I feel honored to be with you tonight. This award may not protect me from death threats or from death itself. But it certainly helps to protect my written work and to enable a broader audience to know and understand the Mexican reality and the impact of the global crimes of trafficking in persons and of child pornography.

By honoring me tonight you are recognizing the talent of my teachers, of the hundreds of women, men and children who have trusted me with their personal histories, their tragedies and their triumphs. Somehow they knew I would honor their trust by doing my job as a journalist.

When I was tortured and imprisoned for publishing the story of a network of organized crime in child pornography and sex tourism, I was confronted with the enduring question of the meaning of life. Should I keep going? Should I continue to practice journalism in a country controlled by 300 powerful rich men? Was there any point to demanding justice or freedom in a country where 9 out of every 10 crimes are never solved? Was it worth risking my life for my principles? Of course the answer was… yes.

Mexico, my homeland, is a country of 104 million people, a land of great landscapes, of magnificent rivers and unending green fertile mountains. Nonetheless Mexico exports 400 thousand people every year, men and women who flee to the United States, to escape hunger, poverty and violence.

I grew up in a middle class neighborhood in Mexico City. My mother, a feminist psychologist, took me to the slums around town and told me that those kids—kids who were just like me—had no food and no chance to get an education. In this way she prepared me to be a citizen and what is now called a human rights activist. I was born a woman. I found in feminism a philosophy based on equality and peace. It led me to view life from a gender perspective.

For years I have lived and moved between two worlds: being a feminist advocate against violence is the way I act as a citizen; being a journalist is the way I practice my profession.

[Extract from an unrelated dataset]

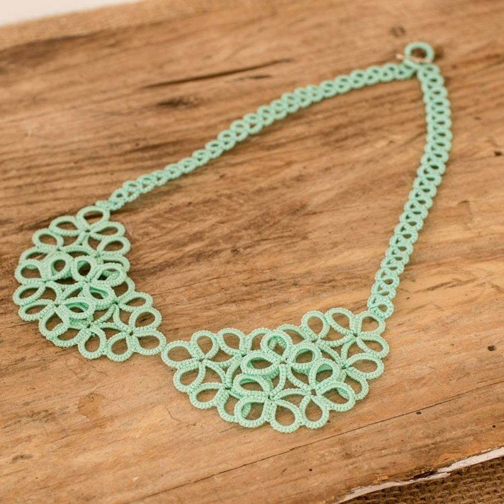 Hand-Tatted Mint Collar Necklace with Sterling Silver Clasp 'Mint Elegance' Item ID: 2671770802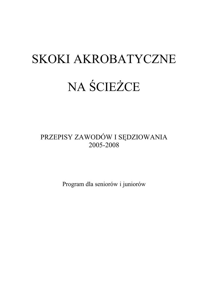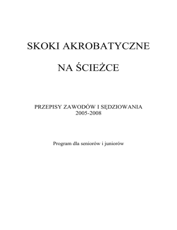 SKOKI AKROBATYCZNE NA ŚCIEŻCE PRZEPISY ZAWODÓW I SĘDZIOWANIA 2005-2008 Program dla seniorów i juniorów PRZEPISY ZAWODÓW FIG Obowiązują od luty 2005. Niniejsze przepisy obowiązują na wszystkich zawodach i mistrzostwach Międzynarodowej Federacji Gimnastyki (FIG) i jej członków. Są one przeznaczone do stosowania jako podstawa na zawodach na wszystkich poziomach. Tam gdzie stosuje się dodatkowe lub różne przepisy na specjalnych zawodach (np. Mistrzostwa Świata) to odpowiednie wyjątki/zmiany są uwidocznione kursywą (pismo pochyłe). Łącznie z tymi przepisami powinny zostać przeczytane następne dokumenty: - Przepisy Techniczne FIG - Techniczne Przepisy, Paragraf 4 - Normy FIG dla trampoliny, skoków, double mini-trampoliny - Przewodnik do sędziowania i interpretacji bieżących Przepisów - Przepisy Sędziowskie W wypadku jakichkolwiek sprzeczności pomiędzy tymi Przepisami i Technicznymi Przepisami – te ostatnie są decydujące. SKOKI A.PRZEPISY OGÓLNE 1. ZAWODY INDYWIDUALNE 1.1 Zawody w skokach na ścieżce składają się z 4 układów (3 układy w zawodach drużynowych). Każdy układ zawiera 8 elementów. 1.1.1.Skoki na ścieżce charakteryzują się stałą szybkością, elementami skokowymi z rytmiczną rotacją z rąk na stopy i ze stóp na stopy, bez zatrzymań lub kroków pośrednich. 1.1.2.Układ powinien być tak zaplanowany, aby pokazać różnorodność elementów w przód, w tył i bokiem. Układ powinien pokazać dobrą kontrolę, formę, wykonanie i utrzymanie tempa. 1.2. ELIMINACJE 1.2.1. Eliminacje składają się z dwóch układów dowolnych bez powtarzania elementów, za wyjątkiem elementów dozwolonych (patrz 15.1.). 1.2.1.1. Na zawodach przeprowadzonych pod kierunkiem narodowych Federacji można wykonywać układ obowiązkowy zamiast układu pierwszego lub w dwóch dowolnych układach wykonywać wymagania specjalne. 1.2.2 Kolejność startu w eliminacjach ustala się na drodze losowania zgodnie z § 1.2.2. Trampoliny i przepisem 4.4.1.1. Przepisów Technicznych, par. 4. 1.3 FINAŁY 1.3.1. Finał indywidualny składa się z dwóch układów dowolnych bez powtarzania elementów, za wyjątkiem elementów dozwolonych i jednego układu dowolnego w finale drużynowym (patrz 15.2.). 1.3.2. Zawodnicy z 8 najlepszymi ocenami z eliminacji kwalifikują się do finału. Patrz § 1.3.2. Trampoliny. 1.3.3. Kolejność startu w finale zależy od wyniku eliminacji, patrz § 1.3.3. Trampoliny. 2. ZAWODY DRUŻYNOWE 2.1 Zawody drużynowe – patrz § 2.1. Trampoliny. 2.2 Każdy członek drużyny wykonuje dwa układy dowolne wg § 1.2.1. i jeden układ dowolny wg § 1.3.1. 2.3 System oceny 2.3.1. Patrz § 2.3.1. Trampoliny 2.3.2.Na Mistrzostwach Świata i Kontynentalnych patrz § 2.3.2. Trampoliny i przepis 4.4.2.2. Przepisów Technicznych 4.ZWYCIĘZCY 4.1.Zwycięzcą jest zawodnik lub drużyna z najwyższą ilością wszystkich punktów. Na Mistrzostwach świata, Mistrzostwach Kontynentalnych Pucharach świata zwycięzcą jest zawodnik lub drużyna z najwyższą ilością punktów w finale. 4.2. Medale i miejsca będą nagradzane zgodnie z Przepisami 10.3. Przepisów Technicznych. 5. UKŁADY 5.1.Każdy układ składa się z 8 elementów. 5.2.Pierwszy i drugi układ dowolny w eliminacjach musi być wykonany bez powtórzenia elementu w każdym z układów zgodnie z § 15.1. 5.3.Układy w finale muszą być wykonane bez powtórzenia elementu w każdym z układów zgodnie z § 15.2. 5.4.W finale zawodnik może powtórzyć elementy lub układ z eliminacji. 5.5.Na Mistrzostwach Świata, Mistrzostwach Kontynentalnych Pucharach Świata dodatkowo do §1.2., 1.3.1., 5.1., 5.2., 5.3. i 5.4. w układach dowolnych muszą być wykonane następujące wymagania specjalne: 5.5.1. Układ pierwszy w eliminacjach (układ saltowy): 5.5.1.1. W układzie muszą być wykonane minimum 3 salta z nie więcej niż 180°, z których jedno musi być wykonane jako ostatnie (8-y element). Każde naruszenie tego wymagania będzie ukarane odjęciem 1,0 pkt. Z oceny każdego sędziego wykonania zgodnie z instrukcją Kierownika Komisji Sędziowskiej. 5.5.1.2. Żaden element nie może zawierać więcej niż 180° śruby. Każde naruszenie spowoduje niezaliczenie do trudności elementów nieliczących się. 5.5.2. Drugi układ w eliminacjach (układ śrubowy): 5.5.2.1. W układzie muszą być wykonane minimum dwa salta z co najmniej 360° śruby, z których jedno musi być wykonane jako ostatnie (8-y element). W tymże układzie musi być jeszcze wykonane dodatkowe salto z lub bez śruby. Każde naruszenie tego wymagania będzie ukarane odjęciem 1,0 pkt. z oceny każdego sędziego wykonania zgodnie z instrukcją Kierownika Komisji Sędziowskiej wg 21.4.5. 5.5.2.2. Ósmy element nie będzie liczony do trudności jeżeli nie będzie śrubowy (360° -obrotu). 5.5.3. Finał (dwa układy dowolne – 8 elementów) indywidualnie i 1 układ dowolny w finale drużynowym. 5.5.3.1. W układzie muszą być wykonane minimum trzy salta z lub bez śruby, jedno salto musi być wykonane jako ostatnie (8-y element). Każde naruszenie tego wymagania będzie ukarane odjęciem 1,0 pkt. z oceny każdego sędziego wykonania zgodnie z instrukcją Kierownika Komisji Sędziowskiej wg 21.4.5. 5.6.Układy zawierające mniej niż 3 elementy będą oceniane na zero. 5.7.Układ wykonuje się w jednym kierunku, jednak pojedynczy element w przeciwny kierunku jest dozwolony na końcu układu (8-y element). 5.8.Wszystkie kompletne układy muszą kończyć się saltem, zgodnie z §17.1 5.9.Jeżeli ostatni element nie jest wykonany w przeciwnym kierunku, to musi się on rozpoczynać ze ścieżki, a lądowanie musi być wykonane w obszarze lądowania. W przeciwnym wypadku nastąpi ukaranie odjęciem 0,2 pkt. przez każdego sędziego wykonania zgodnie z 21.4.6. 5.10. Nie zezwala się na wykonanie układu. 5.10.1. Jeżeli zawodnikowi w sposób oczywisty przeszkadzano w wykonywaniu układu (wada sprzętu lub istotny czynnik zewnętrzn

Every day I try to enlarge my ability to listen, to understand, to feel empathy, to question, to be truthful, to be ethical. By listening to peoples’ stories I learn ways to add insight and perspective to my coverage of human tragedy and human development. And also I test - as many of my colleagues do - my ability to stay alive.

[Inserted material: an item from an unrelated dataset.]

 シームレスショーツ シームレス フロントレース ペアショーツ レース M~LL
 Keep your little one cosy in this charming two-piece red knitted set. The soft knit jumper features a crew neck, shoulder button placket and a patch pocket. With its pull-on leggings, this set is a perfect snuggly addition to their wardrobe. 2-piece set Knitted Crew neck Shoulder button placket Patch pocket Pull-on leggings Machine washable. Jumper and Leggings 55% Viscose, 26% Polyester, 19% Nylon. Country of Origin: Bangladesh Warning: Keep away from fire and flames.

I am 45 years old, and I have spent most of my life trying to understand human nature. What makes us able to survive, to change, to evolve, to save or to harm each other? I’ve been watching the news and reading newspapers most of my life. I thought I understood the macro structures of oppression. I knew how the political system works to protect the rights of the elites, at the expense of the majority.

But I was not aware what it felt like to be the subject of repression myself. When the mechanisms of state repression were used against me, I found myself in the strange position of being seen as a heroine simply for exercising –with some dignity– my right to freedom and justice. Thousands of people marched on my behalf. Most of the Mexican media covered my case for almost two years, until the powerful were finally able to buy the silence of some of them.

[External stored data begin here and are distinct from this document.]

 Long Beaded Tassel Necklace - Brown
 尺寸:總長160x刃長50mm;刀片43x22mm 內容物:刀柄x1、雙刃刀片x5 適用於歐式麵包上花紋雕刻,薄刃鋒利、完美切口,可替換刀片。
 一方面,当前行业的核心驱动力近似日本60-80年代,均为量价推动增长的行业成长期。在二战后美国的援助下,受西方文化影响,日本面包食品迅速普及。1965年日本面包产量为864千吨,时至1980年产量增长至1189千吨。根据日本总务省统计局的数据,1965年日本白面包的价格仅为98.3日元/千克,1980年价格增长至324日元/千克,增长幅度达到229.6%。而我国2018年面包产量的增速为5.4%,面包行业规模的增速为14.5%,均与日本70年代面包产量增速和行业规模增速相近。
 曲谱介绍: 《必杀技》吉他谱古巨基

Millions of citizens echoed my demand for freedom of the press and for the rights of the child victims I wrote about. I stood before the Supreme Court with a heart full of hope that they would defend our constitutional right to tell the truth without being tortured or incarcerated. Many thought there was so much hard evidence in this case that there would be no room for corruption.

It seemed all of Mexico was hoping for a chance to believe that change was possible. Standing against us was a handful of well-dressed lawyers in dark blue suits who defended the politicians I had accused of an unsavory relationship with pedophiles. But this handful of men was able to lobby the majority of Supreme Court judges to dismiss my freedom of the press case relating to child pornography and organized crime.

And so I lost and so did my country. But here I am. I was lucky enough to elude death. I had the opportunity to report my own case, to live inside the story of an orchestrated campaign to protect the marriage between organized crime, businessmen and a corrupted government. But most of all I had the chance to keep my promises to the little girls who were abused by pedophiles and child pornographers, and who asked me to tell their stories.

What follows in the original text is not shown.